▶ _ASSIGNED TASK_: Would you retype the listing below word for word, without any of its pictures?

▶ _INPUT DATA_:
"""
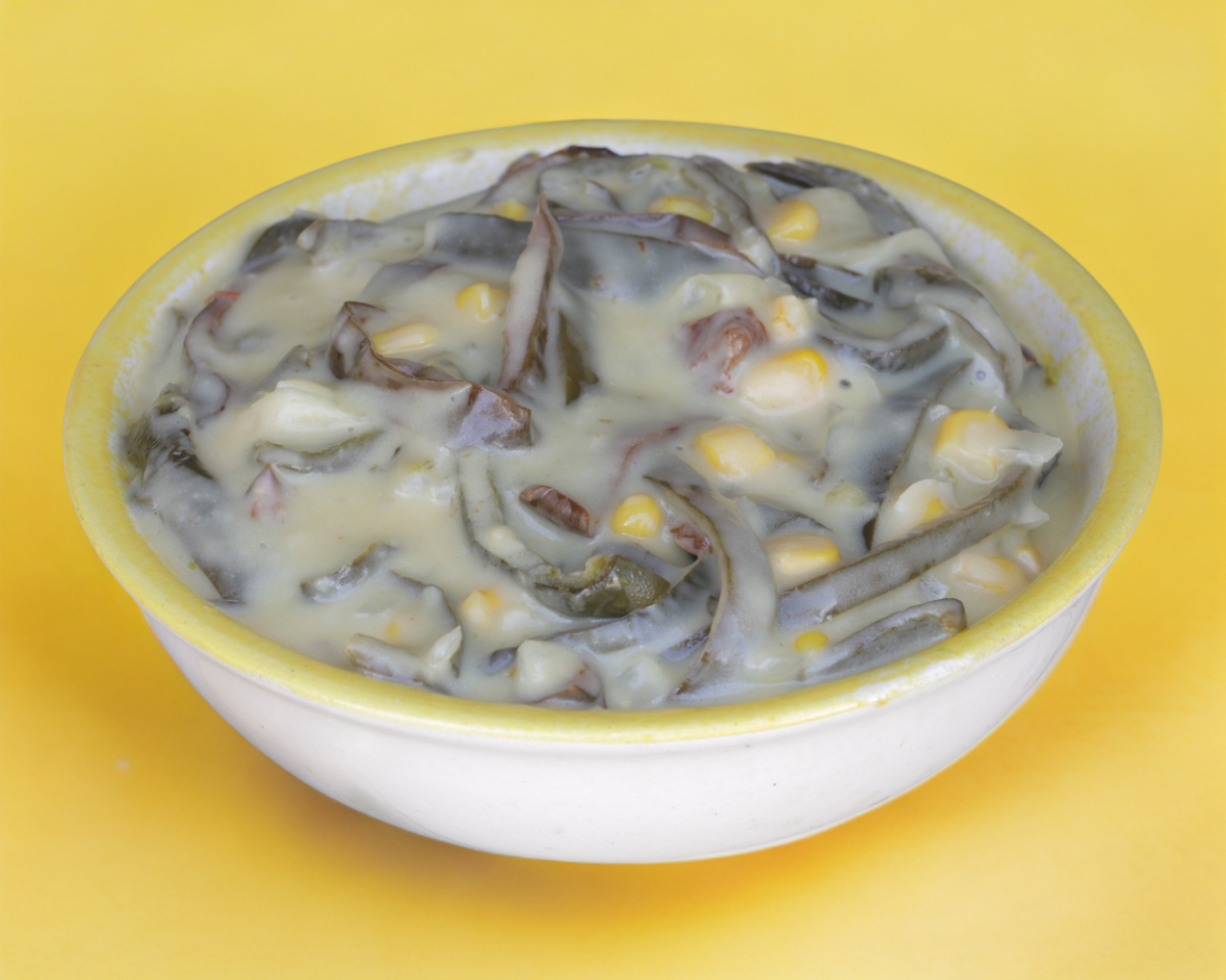 Termo de medio litro de rajas de chile poblano guisadas en crema con cebolla y elote.
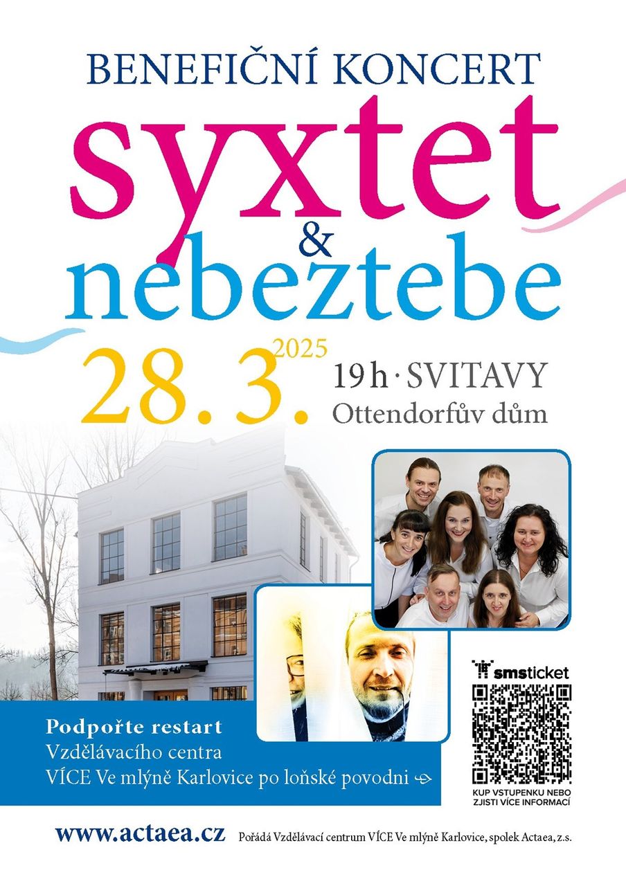 A proč koncert pořádáme ve Svitavách? Vzdělávací centrum vybudovala a vede svitavská rodačka Kateřina Kočí, rozená Ehrenbergerová. Proto se obracíme na vás, Svitaváky. Pojďte se s námi potkat, poslechnout si svitavský Syxtet a brněnskou kapelu Nebeztebe, a pak si třeba ještě zazpívat a posedět u kytary.
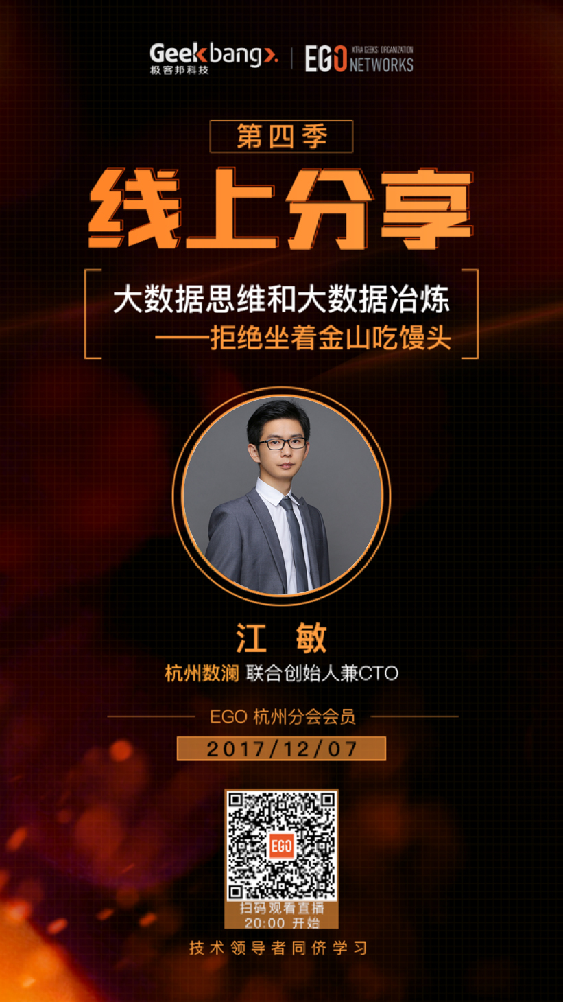 12 月 7 日,数澜联合创始人 & CTO 江敏作为 EGO 线上分享第四季的嘉宾,与大家交流了大数据思维和大数据冶炼的经验心得。
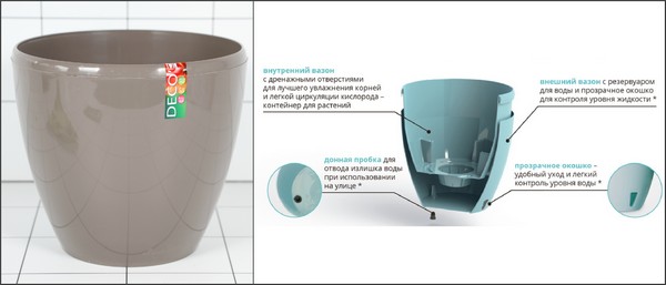 для дома - автополив - морозостойкий - УФ-сопротивляемость - нет протекания воды при поливе - нет застаивания корней в воде - корни обеспечены циркуляцией воздуха
"""
▶ _EXPECTED ANSWER_:
 Termo de medio litro de rajas de chile poblano guisadas en crema con cebolla y elote.
 A proč koncert pořádáme ve Svitavách? Vzdělávací centrum vybudovala a vede svitavská rodačka Kateřina Kočí, rozená Ehrenbergerová. Proto se obracíme na vás, Svitaváky. Pojďte se s námi potkat, poslechnout si svitavský Syxtet a brněnskou kapelu Nebeztebe, a pak si třeba ještě zazpívat a posedět u kytary.
 12 月 7 日,数澜联合创始人 & CTO 江敏作为 EGO 线上分享第四季的嘉宾,与大家交流了大数据思维和大数据冶炼的经验心得。
 для дома - автополив - морозостойкий - УФ-сопротивляемость - нет протекания воды при поливе - нет застаивания корней в воде - корни обеспечены циркуляцией воздуха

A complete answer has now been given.